Visitor Pass for 1 World Trade Center | David Paventi | September 11, 2001
Photo Credit: David Paventi
In September 2001, David Paventi lived in Charlotte, North Carolina with his wife, Lynn. He worked as a banker. On September 10, 2001 he traveled to New York City for business meetings to be held in the World Trade Center's North Tower. As you may recall, although September 11, 2001 was a crystal clear, sun-soaked day, its immediate predecessor was decidedly less so. The weather that day was so much less so that David Paventi had walked over to to the windows in the office in which he was standing in an effort to see anything. He could not because of the fog. The experience so unnerved one of his colleagues that he offhandedly asked aloud, "How do airplanes not hit this building?" His question, given the state of the world as it existed on September 10, 2001, was met with laughter.
At 8:46 am the very next morning, it was no longer a laughing matter.
David Paventi was in an interior (windowless) conference room on the North Tower's 81st floor at 8:46 am on Tuesday, September 11, 2001, when the murderous cowards who had hijacked American Airlines Flight 11 earlier that morning shortly after it had departed from Logan Airport in Boston, flew it into the North Tower's north face, cutting into the building between the 93rd and 99th floors. The conference room shook. By his own admission, David Paventi did not know what to make of what had just occurred, thinking it might have been an earthquake. His colleagues who had lived through the 1993 World Trade Center bombing had no such hesitation. They exited the room as quickly as they could and headed to the nearest stairwell. Mr. Paventi followed suit.

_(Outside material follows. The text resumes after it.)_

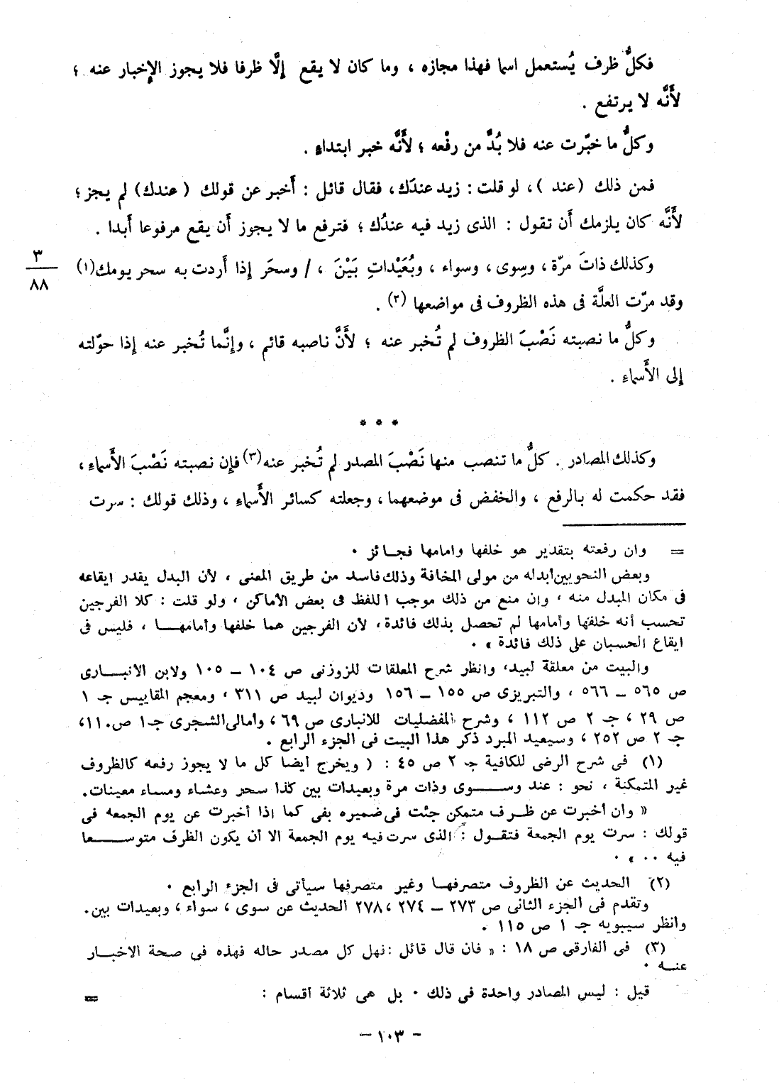 فَكل ظرف يسْتَعْمل اسْما فَهَذَا مجازه، وَمَا كَانَ لَا يَقع إِلَّا ظرفا فَلَا يجوز الْإِخْبَار عَنهُ؛ لِأَنَّهُ لَا يرْتَفع وكل مَا خبرت عَنهُ فَلَا بُد من رَفعه؛ لِأَنَّهُ خبر ابْتِدَاء فَمن ذَلِك (عِنْد) ، لَو قلت: زيد عنْدك، فَقَالَ قَائِل: أخبر عَن قَوْلك (عنْدك) لم يجز؛ لِأَنَّهُ كَانَ يلزمك أَن تَقول: الذى زيد فِيهِ عنْدك؛ فَترفع مَا لَا يجوز أَن يَقع مَرْفُوعا أبدا وَكَذَلِكَ ذَات مرّة، وَسوى، وَسَوَاء، وبعيدات بَين، / وسحر إِذا أردْت بِهِ سحر يَوْمك وَقد مرت الْعلَّة فى هَذِه الظروف فى موَاضعهَا وكل مَا نصبته نصب الظروف لم تخبر عَنهُ؛ لِأَن ناصبه قَائِم، وَإِنَّمَا تخبر عَنهُ إِذا حولته إِلَى الْأَسْمَاء وَكَذَلِكَ المصادر كل مَا تنصب مِنْهَا نصب الْمصدر لم تخبر عَنهُ فَإِن نصبته نصب الْأَسْمَاء، فقد حكمت لَهُ بِالرَّفْع، والخفض فى موضعهما، وَجَعَلته كَسَائِر الْأَسْمَاء، وَذَلِكَ قَوْلك: سرت
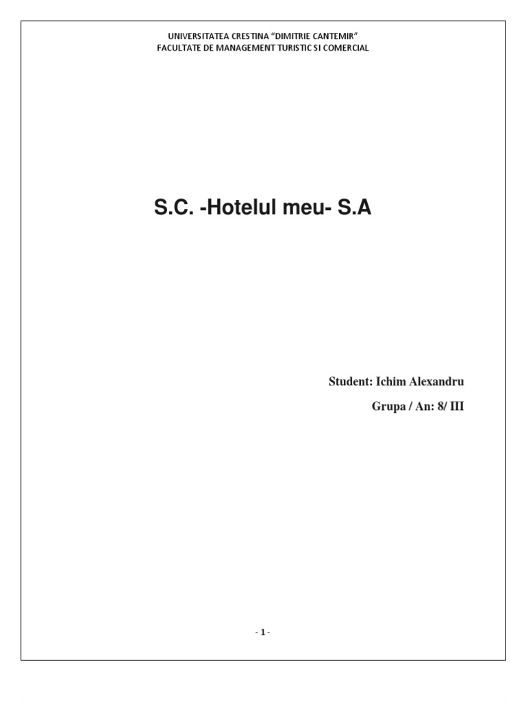 -conduce si coordoneaza intreaga activitate a hotelului. -intocmeste statistici si rapoarte specifice pentru managementul superior al grupului hotelier. 11. Responsabilitati si sarcini: Scopul postului: titularul postului are rolul de a asigura functionarea optima a hotelului. Activitati principale: -planificarea, organizarea, coordonarea, conducerea si controlul activitatilor hoteliere; -elaborarea strategiilor de dezvoltare a serviciilor specifice; -dezvoltarea si promovarea imaginii hotelului prin planificarea si coordonarea activitatilor de marketing si publicitate; -asigurarea unei bune promovari si vanzari de servicii hoteliere; -dezvoltarea relatiilor cu agentiile de turism; -supervizarea utilizarii corespunzatoare a metodelor de fidelizare a clientelei; -mobilizarea personalului din subordine in vederea mentinerii standardelor inalte ale serviciilor hoteliere oferite; -urmarirea solutionarii eficiente a solicitarilor clientilor. Sarcini si indatoriri specifice: -stabilirea unor relatii optime cu furnizorii, pentru rezolvarea in timp util si in bune conditii a tuturor problemelor ocazionale. -prospectarea pietei de profil in vederea optimizarii continue a serviciilor oferite, avand ca scop final realizarea obiectivelor asumate. Responsabilitati ale postului: -raspunde pentru calitatea activitatii personalului aflat in subordine si pentru fluxul operational la nivelul hotelului. 12. Sanctiuni pentru nerespectarea fisei postului sau a anexelor acestora: Sanctiunile aplicate pentru nerespectarea sarcinilor de serviciu conform rigorilor prevazute in fisa de post sunt descrise pe larg in Regulamentul intern (ROI). Serviciile de baz i suplimentare

The traffic on the stairwell was intense and it seemed to take forever for those on it to make their way down. David Paventi and his friend and colleague, Bob, toyed with the idea of trying to get out of the crowded stairwell and finding another escape route. They ultimately opted against doing so - staying the course and staying in the stairwell in which they had begun their descent.
Eventually, David Paventi and Bob made it out of the building. When they reached the courtyard, a police officer told them to run as fast as they could and get as far away from the World Trade Center as they could. They took her counsel to heart. As they ran uptown, the two men heard the noise of the South Tower collapsing into the ground below. The two men eventually made their way to the Queensboro Bridge and began walking across it. Their goal was Long Island and Bob's brother's house. They made it. The following day, the two drove home to Charlotte, North Carolina.
Several years after that terrible day, the NYPD telephoned David Paventi. The call was to inform him that the NYPD had recovered his case. Impossible, he thought, I am looking at my briefcase right now. However, when he tried to tell the person on the other end of the phone he could not be the person to whom the briefcase in question belonged, he was told, "I'm not arguing, we have a case, and it has your name on it."
Indeed it was. It was the travel wallet David Paventi had brought with him to New York for his September 2001 meetings at the World Trade Center. Its contents included his passport and his frequent flyer card. Inside of it, someone had placed a note, "D. Paventi - assumed DOA."
There is an old adage about the perils of making an assumption. I suspect David Paventi did not waste a moment or a breath on uttering it when he read that note. The proof is in the living after all, which is exactly what he is doing - and has one - every day for the past twenty-two years.